▶ **Directions for this task**
Each record should reappear exactly in your answer, minus any picture.

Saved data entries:
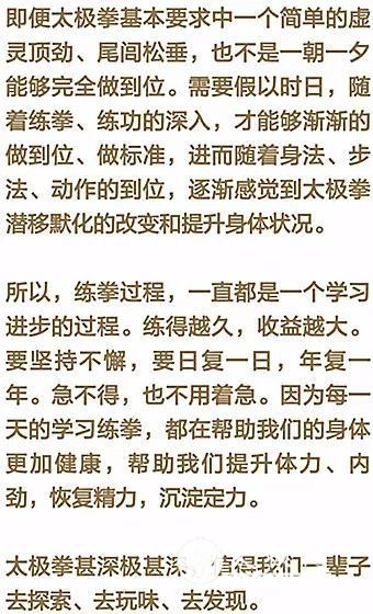 年纪渐长,拳龄渐增,才发现,输和赢,以及平手,并不是最重要的。最重要的,是我们要通过不断地参访不同门派的前辈们,更深入的理解太极拳的基本原理,探索太极拳的奥秘。这些内容是我们明火执仗的上门挑战,所没办法获得的。 练拳久一点儿,总会有自己的体会和收获,而且会愿意和别人分享、探讨。但每个人都有想赢怕输的心理。太计较输赢,只能令自己失去从交流中获益的机会,更失去从不同侧面深入了解太极拳的机缘。因为,太极拳甚深极甚深。我们大家,哪怕是当代的很多太极拳名师和高手,都在不断地探索的领悟。 因而,永远不要说:太极拳我会了。最多只能说:太极拳,我会一点儿。或者说:太极拳,我学了几多年…… 哪怕是二三十年的太极拳修炼,也只能是略知太极拳的一二,难以深入到太极拳的精髓实质。
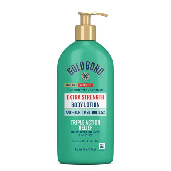 Got extra dry skin? Feel extra itchy? Get GOLD BOND® Medicated Extra Strength Body Lotion. We’ve taken our five-moisturizer formula up a few notches to deliver even more of the soothing, cooling, skin-calming relief you desperately need. For insect bites, sunburns, or minor skin irritations, keep it on hand. Or anywhere else it’s needed. GOLD BOND® Extra Strength Medicated Body Lotion goes beyond ordinary body lotions because it is uniquely formulated to relieve the itch plus soothe & moisturize dry skin! GOLD BOND® Extra Strength Body Lotion temporarily relieves the pain and itching associated with minor skin irritations, minor burns, insect bites, sunburn, minor cuts, and scrapes.
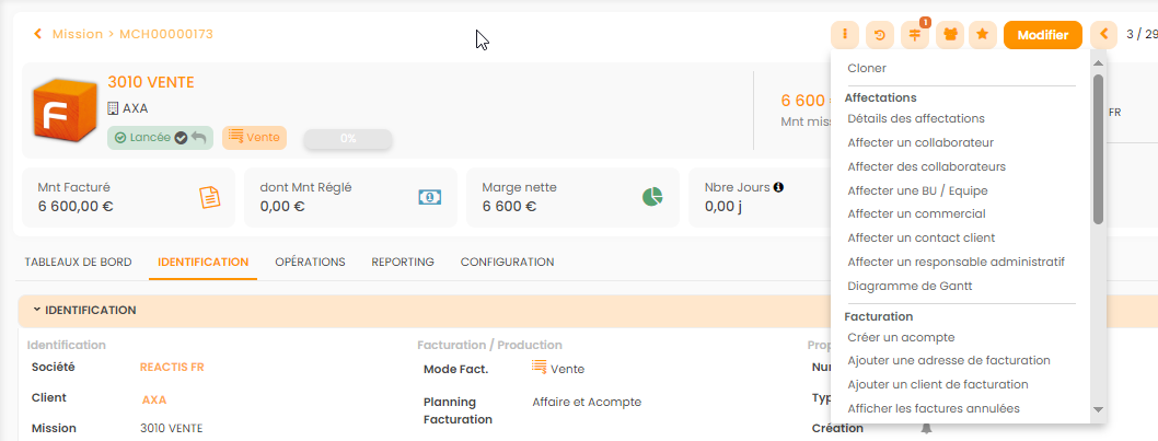 Le bouton action regroupe l’ensemble des fonctions disponibles sur une affaire.
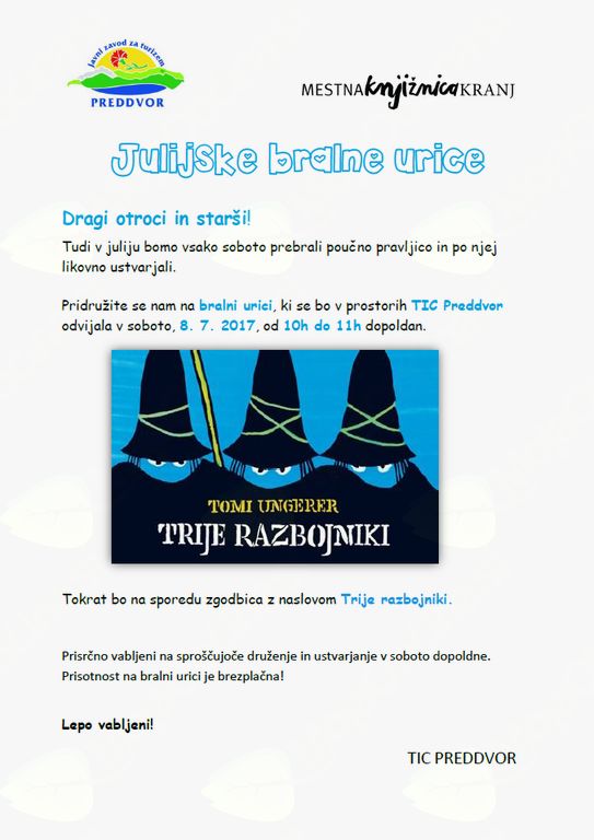 Pridružite se nam na bralni urici, ki se bo v prostorih TIC Preddvor odvijala v soboto, 8. 7. 2017, od 10h do 11h dopoldan.
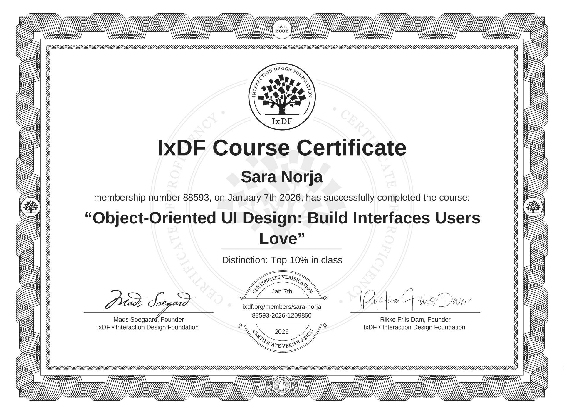 The IxDF Course Certificate above is awarded to Sara Norja with a Top 10% Distinction in formal recognition of their coursework surpassing the rigorous benchmarks of exceptional performance established by the IxDF Educational Codex.
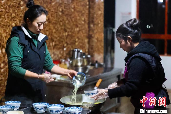 12月20日,西藏芒康,果拉卓瑪(左)在為(wei) 食客盛加加麵。中新社記者 薛蒂 攝

▶ **Task result**
 年纪渐长,拳龄渐增,才发现,输和赢,以及平手,并不是最重要的。最重要的,是我们要通过不断地参访不同门派的前辈们,更深入的理解太极拳的基本原理,探索太极拳的奥秘。这些内容是我们明火执仗的上门挑战,所没办法获得的。 练拳久一点儿,总会有自己的体会和收获,而且会愿意和别人分享、探讨。但每个人都有想赢怕输的心理。太计较输赢,只能令自己失去从交流中获益的机会,更失去从不同侧面深入了解太极拳的机缘。因为,太极拳甚深极甚深。我们大家,哪怕是当代的很多太极拳名师和高手,都在不断地探索的领悟。 因而,永远不要说:太极拳我会了。最多只能说:太极拳,我会一点儿。或者说:太极拳,我学了几多年…… 哪怕是二三十年的太极拳修炼,也只能是略知太极拳的一二,难以深入到太极拳的精髓实质。
 Got extra dry skin? Feel extra itchy? Get GOLD BOND® Medicated Extra Strength Body Lotion. We’ve taken our five-moisturizer formula up a few notches to deliver even more of the soothing, cooling, skin-calming relief you desperately need. For insect bites, sunburns, or minor skin irritations, keep it on hand. Or anywhere else it’s needed. GOLD BOND® Extra Strength Medicated Body Lotion goes beyond ordinary body lotions because it is uniquely formulated to relieve the itch plus soothe & moisturize dry skin! GOLD BOND® Extra Strength Body Lotion temporarily relieves the pain and itching associated with minor skin irritations, minor burns, insect bites, sunburn, minor cuts, and scrapes.
 Le bouton action regroupe l’ensemble des fonctions disponibles sur une affaire.
 Pridružite se nam na bralni urici, ki se bo v prostorih TIC Preddvor odvijala v soboto, 8. 7. 2017, od 10h do 11h dopoldan.
 The IxDF Course Certificate above is awarded to Sara Norja with a Top 10% Distinction in formal recognition of their coursework surpassing the rigorous benchmarks of exceptional performance established by the IxDF Educational Codex.
 12月20日,西藏芒康,果拉卓瑪(左)在為(wei) 食客盛加加麵。中新社記者 薛蒂 攝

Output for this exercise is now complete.